As a retailer I have to go along with the e-bike trend, most people are buying their bikes and parts online now so I'm going to have to reply on servicing these monstrosities to stay in business. 

As a mountain biker I think this will ruin the sport. Just like paddleboards were a cool way for surfers with shoulder issues to catch waves, or to catch some surf when the swell is too small for normal boards, they blew up into a huge fad that crowded popular surf spots with idiots on massive ocean going vessels- and no concept of etiquette or technique.


----------



## 33red (Jan 5, 2016)

Look at Giant


----------



## _CJ (May 1, 2014)

BicyclesOnMain said:


> As a retailer I have to go along with the e-bike trend, most people are buying their bikes and parts online now so I'm going to have to reply on servicing these monstrosities to stay in business.
> 
> As a mountain biker I think this will ruin the sport. Just like paddleboards were a cool way for surfers with shoulder issues to catch waves, or to catch some surf when the swell is too small for normal boards, they blew up into a huge fad that crowded popular surf spots with idiots on massive ocean going vessels- and no concept of etiquette or technique.


???

Be sure to let everyone know the name of your shop, so you won't be bothered with their business....BicyclesOnMain.

.


----------



## Whiterabbitt (May 16, 2020)

Meh, opinions are what they are, this is the man's livelyhood. I don't blame him. I'm not in his area. But if I were, it wouldn't stop me from visiting his shop. Why, just because I like eMTB and he doesn't? I bet he can still do a fine job servicing a bike if I ever needed it....


----------



## Jon A (Jan 4, 2021)

Whiterabbitt said:


> but not sure what I think about a plug-in throttle on a non-city-bike. Makes me a little uneasy.
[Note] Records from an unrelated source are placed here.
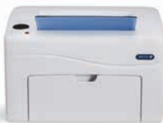
Phaser 6020. Tisk.
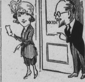
FAITES LE REMPLIR CHEZ VANWART

Le médecin sait sur qui il peut dépendre pour remplir ses prescriptions. Nous, ne faisons usage que des plus pures, plus fraîches et meilleures drogues pour remplir nos prescriptions. Meilleur service: D. H. VANWART LA PHARMACIE REKALL
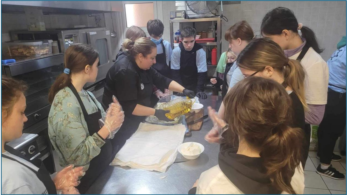
Przygotowanie greckich deserów, realizacja programu praktyk w zawodzie cukiernik
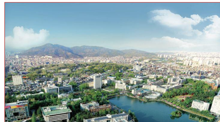
Konkuk University, Seoul

L'offerta dei corsi è però da ritenere solo orientativa, e deve essere confermata dell'università partner prima dell'inizio di ogni semestre.
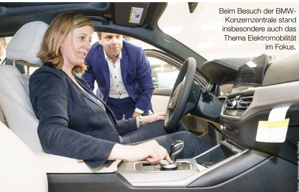
Beim Besuch der BMW-Konzernzentrale stand insbesondere auch das Thema Elektromobilität im Fokus.
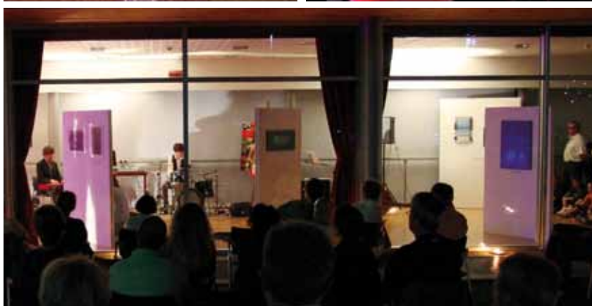
Carrellata di immagini della manifestazione
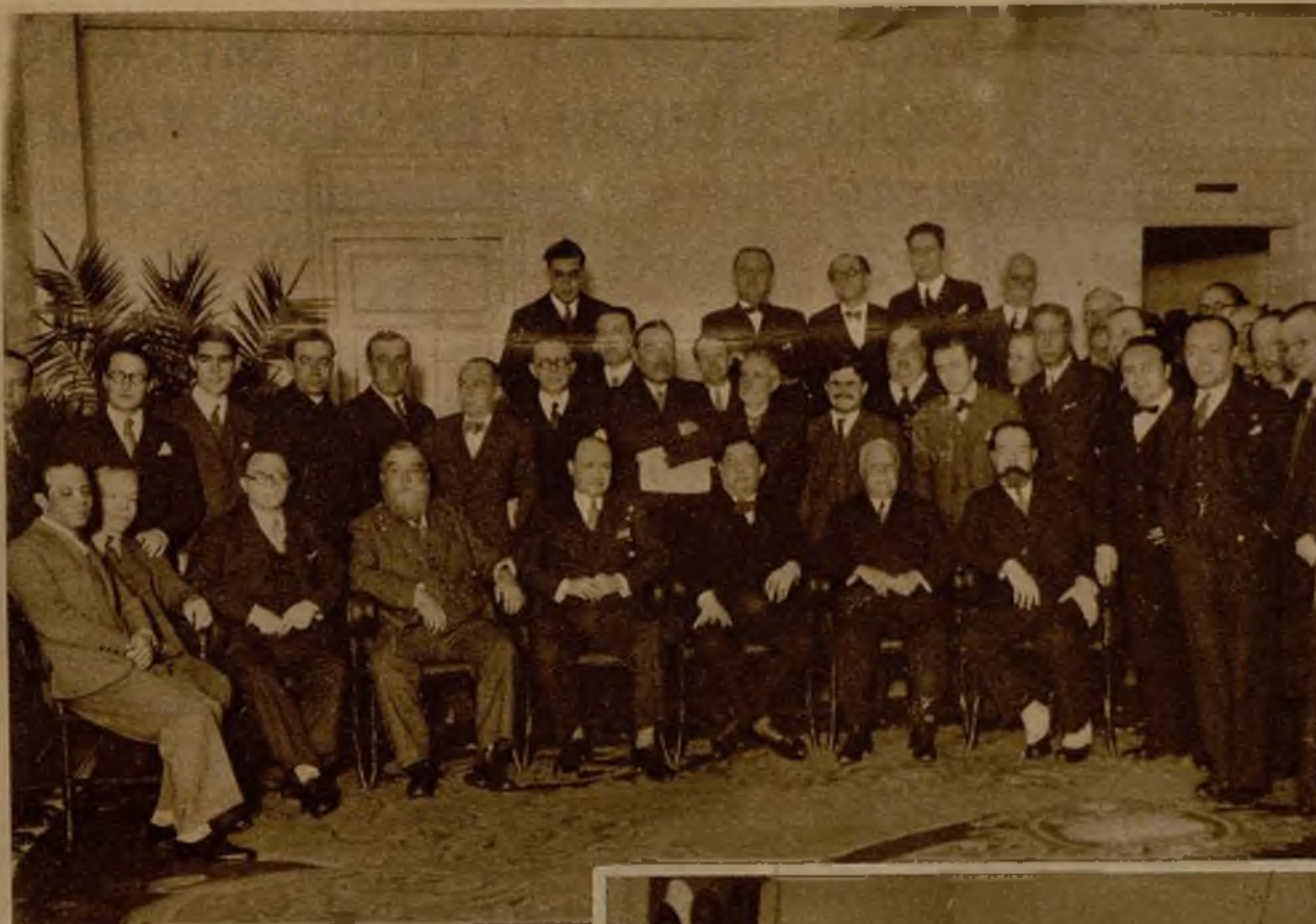
Los representantes en Cortes que constituyen el grupo vitivinícola han obsequiado con una comida a los redactores de los diarios madrileños que hacen información en el Congreso de los Diputados. Grupo de los concurrentes al banquete
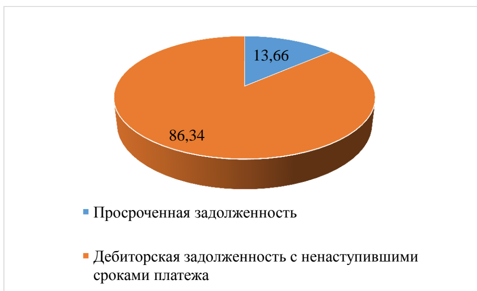
Рисунок 4 - Структура дебиторской задолженности ООО «Авенир»

1.2. Усовершенствовать кредитную политику организации. При внедрении рекомендаций по совершенствованию кредитной политики предполагается сокращение просроченной дебиторской задолженности. Структура задолженности представлена на рисунке 4.
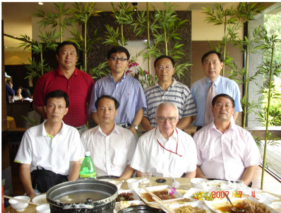
2007.7.4.歡迎午餐後合影留念（前排右二為 Vladimir, M. Zatsiorsky）

江主任、林所長並於宴後致贈禮品，感謝貴賓的到來。林所長並當面邀請 Zatsiorsky 教授下次前來參加運動生理學學會或運動教練研討會，並作專題演講。Zatsiorsky 教授此次應國際運動生物力學學會大會之邀，專題演講「Prehension Synergies: Biomechanics and Control」，其演講內容登錄在大會手冊第 S9 頁中。

What is it, exactly, that makes you uneasy about a throttle?


----------



## Whiterabbitt (May 16, 2020)

I worry about throttles being used as a wedge issue by whiny horsemen, runners, MTBers, and even some MTBR-ers to divide and attempt trail access reduction for bikes.

edit (after your response): currently, popular class II's and even class III's are super easy to tell apart from MTB because they look like city bikes or have oddball frames designed for hauling groceries or surfboards or children or "whatever". On pavement. If there are convertible Class II and III MTB, commercially available (not home-brew), and riding on the trails, current users are doing a good job to "look like" they are pedaling at all times.

All "we" need (not just e but regular MTB) is someone to knock over a whoever on an e-Bike then scoot away uphill using the cranks as a foot rest and the viral internet campaigns will begin...

I suspect much of the eBike gain for access over the years is due to the fact that the bikes LOOK like bikes.


----------



## Jon A (Jan 4, 2021)

Ah, that makes sense.


----------



## BicyclesOnMain (Feb 27, 2021)

_CJ said:


> ???
> 
> Be sure to let everyone know the name of your shop, so you won't be bothered with their business....BicyclesOnMain.
> 
> .


To be clear I'm referring to 120lb quasi motorcycles and other junk, and if you read our reviews you will see I've made it clear to a few people I can't fix their $500 Schwinn e-bike. People that spend under $1200 for an e-bike aren't willing to pay me to fix it either.
Turbo Levos are welcome.


----------



## BicyclesOnMain (Feb 27, 2021)

Whiterabbitt said:


> Meh, opinions are what they are, this is the man's livelyhood. I don't blame him. I'm not in his area. But if I were, it wouldn't stop me from visiting his shop. Why, just because I like eMTB and he doesn't? I bet he can still do a fine job servicing a bike if I ever needed it....


Also I should clarify that I do sell and ride e-bikes, dealing with MS for the last decade made it impossible to ride bicycles much till I picked up a Turbo Levo- which is in my profile picture BTW

The big issue is these non-cyclists are causing a lot of problems, riding through town going 40mph with no helmets, using them like dirtbikes on local trails, and then expect tires to cost $10 installed for free.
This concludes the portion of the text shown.